--- Work required ---
Nothing in the listing should be altered when it is copied, and no picture goes into the copy.

--- Information shown ---
-.-.-

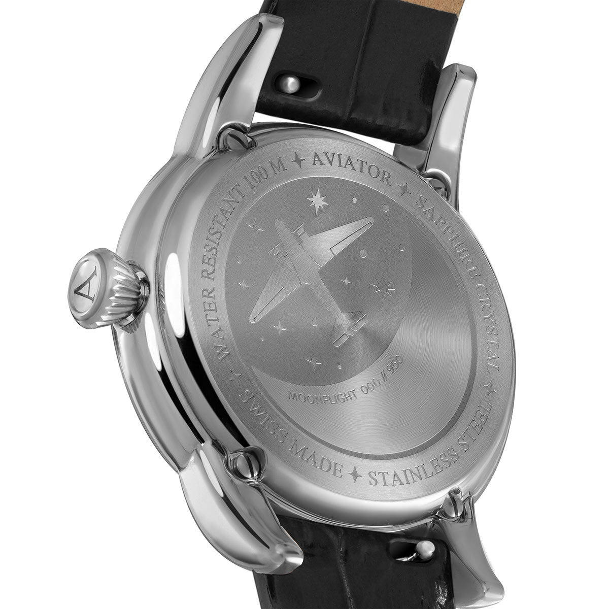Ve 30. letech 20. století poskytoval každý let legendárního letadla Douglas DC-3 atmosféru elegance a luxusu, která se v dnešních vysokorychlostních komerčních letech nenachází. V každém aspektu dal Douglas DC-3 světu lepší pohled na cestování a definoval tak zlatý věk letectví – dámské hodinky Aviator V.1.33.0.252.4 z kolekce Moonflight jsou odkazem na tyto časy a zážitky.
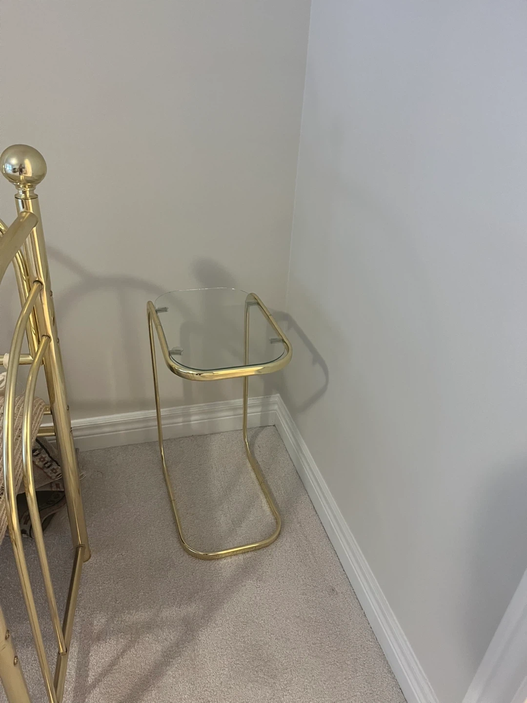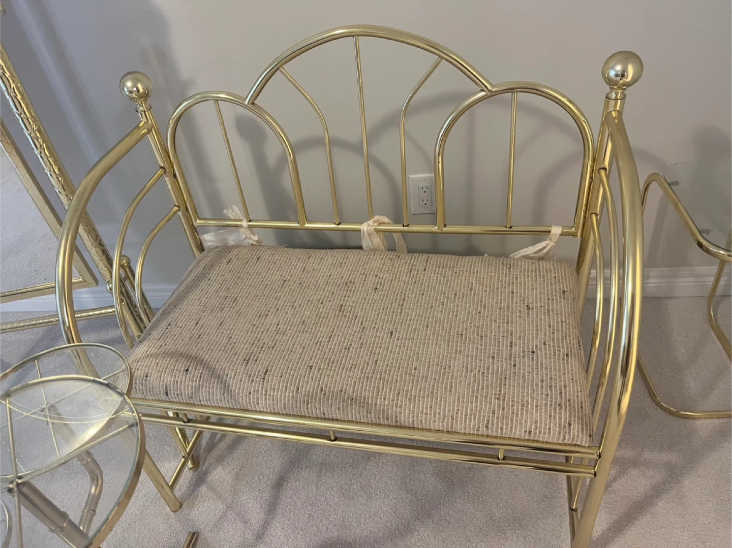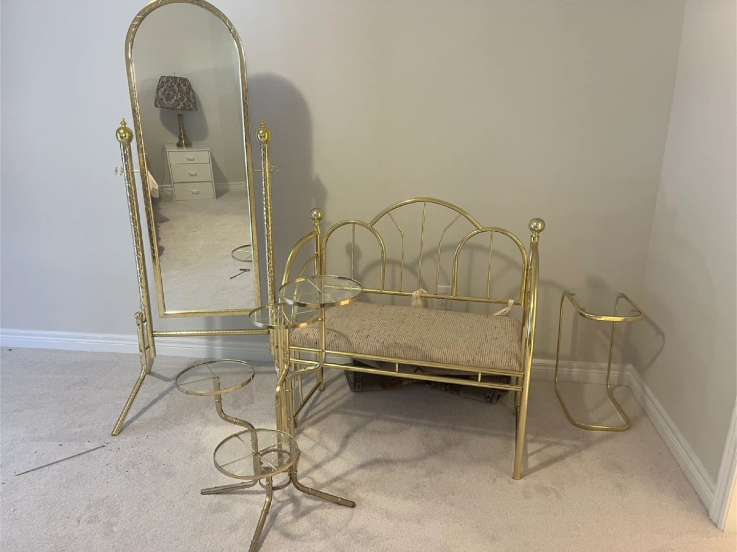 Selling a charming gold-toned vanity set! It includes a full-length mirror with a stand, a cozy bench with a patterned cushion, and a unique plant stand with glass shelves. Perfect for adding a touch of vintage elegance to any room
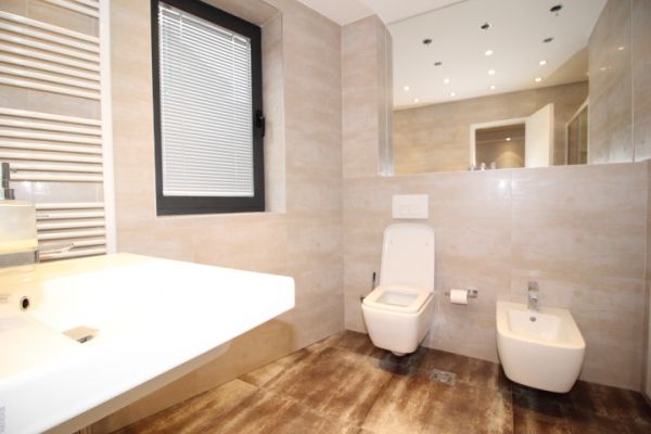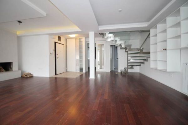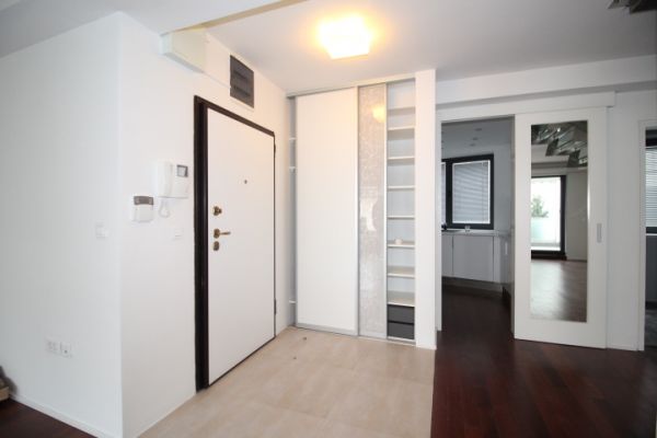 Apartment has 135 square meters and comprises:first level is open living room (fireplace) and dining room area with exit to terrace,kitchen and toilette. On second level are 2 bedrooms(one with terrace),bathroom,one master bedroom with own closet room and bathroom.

-.-.-

--- Response ---
Ve 30. letech 20. století poskytoval každý let legendárního letadla Douglas DC-3 atmosféru elegance a luxusu, která se v dnešních vysokorychlostních komerčních letech nenachází. V každém aspektu dal Douglas DC-3 světu lepší pohled na cestování a definoval tak zlatý věk letectví – dámské hodinky Aviator V.1.33.0.252.4 z kolekce Moonflight jsou odkazem na tyto časy a zážitky.
 Selling a charming gold-toned vanity set! It includes a full-length mirror with a stand, a cozy bench with a patterned cushion, and a unique plant stand with glass shelves. Perfect for adding a touch of vintage elegance to any room
 Apartment has 135 square meters and comprises:first level is open living room (fireplace) and dining room area with exit to terrace,kitchen and toilette. On second level are 2 bedrooms(one with terrace),bathroom,one master bedroom with own closet room and bathroom.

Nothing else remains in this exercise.